[identity profile] stephenhongsohn.livejournal.com posting in [community profile] asianamlitfans
A Review of Lynda Barry’s One! Hundred! Demons! and The Good Times are Killing Me (Sasquatch Books)



In this review, I discuss two of Lynda Barry’s fantastic “graphic” narratives: One! Hundred! Demons! and The Good Times are Killing Me. One! Hundred! Demons! is probably the one of hers that I’m most familiar with because I saw the book floating around Asian American Studies classes as a graduate student, but I never actually read it. As part of my reward for surviving the quarter, I’ve been reading a lot of graphic novels and Barry’s work did not disappoint. One! Hundred! Demons! is perhaps better understood as a graphic memoir, as it details much of Barry’s complicated upbringing as a mixed-race Filipina American. Barry renders her “cartoon self,” as a young child with flaming red hair and a body full of freckles, as her legibility as a Filipina and Asian is of course very vexed. As Barry details early on in One! Hundred! Demons!, she was inspired to write the graphic narrative, after a paintbrush exercise in which she created various demonic figures. While she was at first bothered by the activity, she grew to realize she actually enjoyed it. The demons that populate the graphic narrative appear in multiple places, both outside of panels and in the margins, but also function as thematic headings. For instance, one of the demons, known as “dance,” details how Lynda comes to understand both the limits and the freedoms that bodily movement can allow. The section on “dance” begins with Lynda being extremely open to dancing, believing that she could excel at it, despite the fact that a friend seems less optimistic. The chapter based on this demon is one in which Lynda comes into a kind of tragic self-consciousness. As Lynda realizes that she’s not as good at dancing as she thought, nor are the people who dance around her aware of how odd they might look to others, this self-consciousness takes a toll on her ability to let go, to not care about what others might think of her based upon how she might look while swaying to music. Clearly, this chapter also functions as a metaphor for racial problematics, where Lynda must also understand that she cannot always control the way she may be viewed and that she must, at some point, simply find her own path, despite what other people may think of how she looks.

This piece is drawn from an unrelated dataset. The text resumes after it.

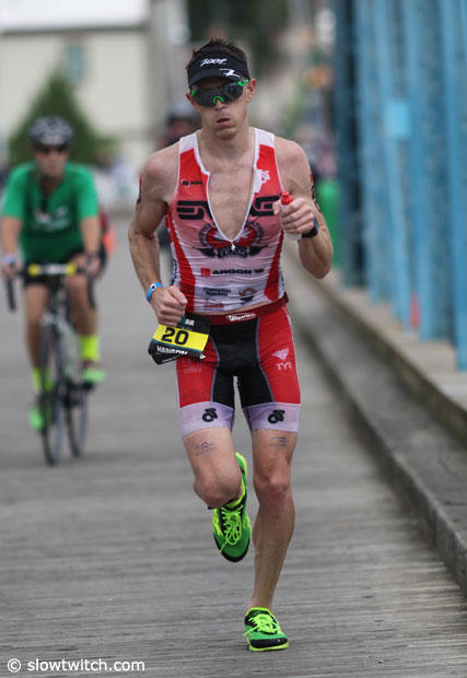 Limkemann pulled away from Brandon and was alone up front for the remainder of the 116 mile bike segment. Around 20 athletes were in the chase pack behind Limkemann, but they did not manage to pull time back. German Per Bittner tried to jump across to Limkemann but ended stuck in the middle, and before too long he was swallowed up again by the group who appeared to be riding fair and correctly spaced. During the second loop as the Pros started to lap age groupers, a few folks dropped out from that group and fell back, and among them was Brandon. Pedro Gomes reportedly hit the deck hard with only a few miles left to go and ended up pulling out and in need of medical attention. Limkemann reached the bike-run transition first with a race best 4:34:16 bike split, and that gave him a 5 minute plus advantage over Trevor Wurtele who pulled away late from that group.

The Good Times are Killing Me is less of a graphic narrative then a novel with a couple of picture inserts at the beginning of each chapter; it’s more of a standard novel perhaps pitched at a slightly younger audience. This book, though, made me realize that my long held refusal to read young adult-ish type narratives should probably end. This novel really works in the vein of something like The House on Mango Street, where problematic events are filtered through the eyes of a young character (in this case Edna Arkins) who leads us through various events and challenges that are related to growing up. In this way, The Good Times are Killing Me is sort of a bildungsroman in which Edna comes to understand both class and racial conflict in her local community. The primary site of antagonism occurs between Edna and another young girl named Bonna Willis, who also happens to be African American. Because the novel is set sometime in the past, where racial segregation could still be a problem and where Edna’s developing friendship with Bonna must be kept a secret, we know that the collective youth and innocence that opens the work will have to be lost. Much of the narrative is filtered through the conceit of musical appreciation, but this focus slowly gives way to weightier topics, as Bonna and Edna face a climactic confrontation at the novel’s conclusion that will definitely leave you bereft as a reader. Despite the novel’s somber ending, it does fit perfectly within the narrative logic of the story and both One! Hundred Demons! and The Good Times are Killing Me are certainly both books that I would teach in the future. Again, though, I keep wondering if anyone is aware of other books by Southeast Asian and South Asian American graphic novelists?

Buy the Books Here:

http://www.amazon.com/Good-Times-Are-Killing-Me/dp/157061105X/ref=cm_cr_pr_product_top

http://www.amazon.com/One-Hundred-Demons-Lynda-Barry/dp/1570614598/ref=ntt_at_ep_dpt_3

Date: 2010-12-19 01:06 pm (UTC)
littlebutfierce: (Default)
From: [personal profile] littlebutfierce
There's Kampung Boy & The Mythology Class, just off the top of my head...

Date: 2010-12-19 04:46 pm (UTC)
littlebutfierce: (Default)
From: [personal profile] littlebutfierce
I don't think it is, but I got mine via a special order from Kalamansi Books -- they import books from the Philippines (I haven't used them in a few years as I now live in the UK, but every time I've ordered from them before they've been really amazingly helpful).

I liked a lot about the book, though I thought there were some problematic things about it (regarding gender & some other stuff -- I don't remember specifics b/c it was a while ago & I don't have the copy w/me any more, alas). But definitely worth a read.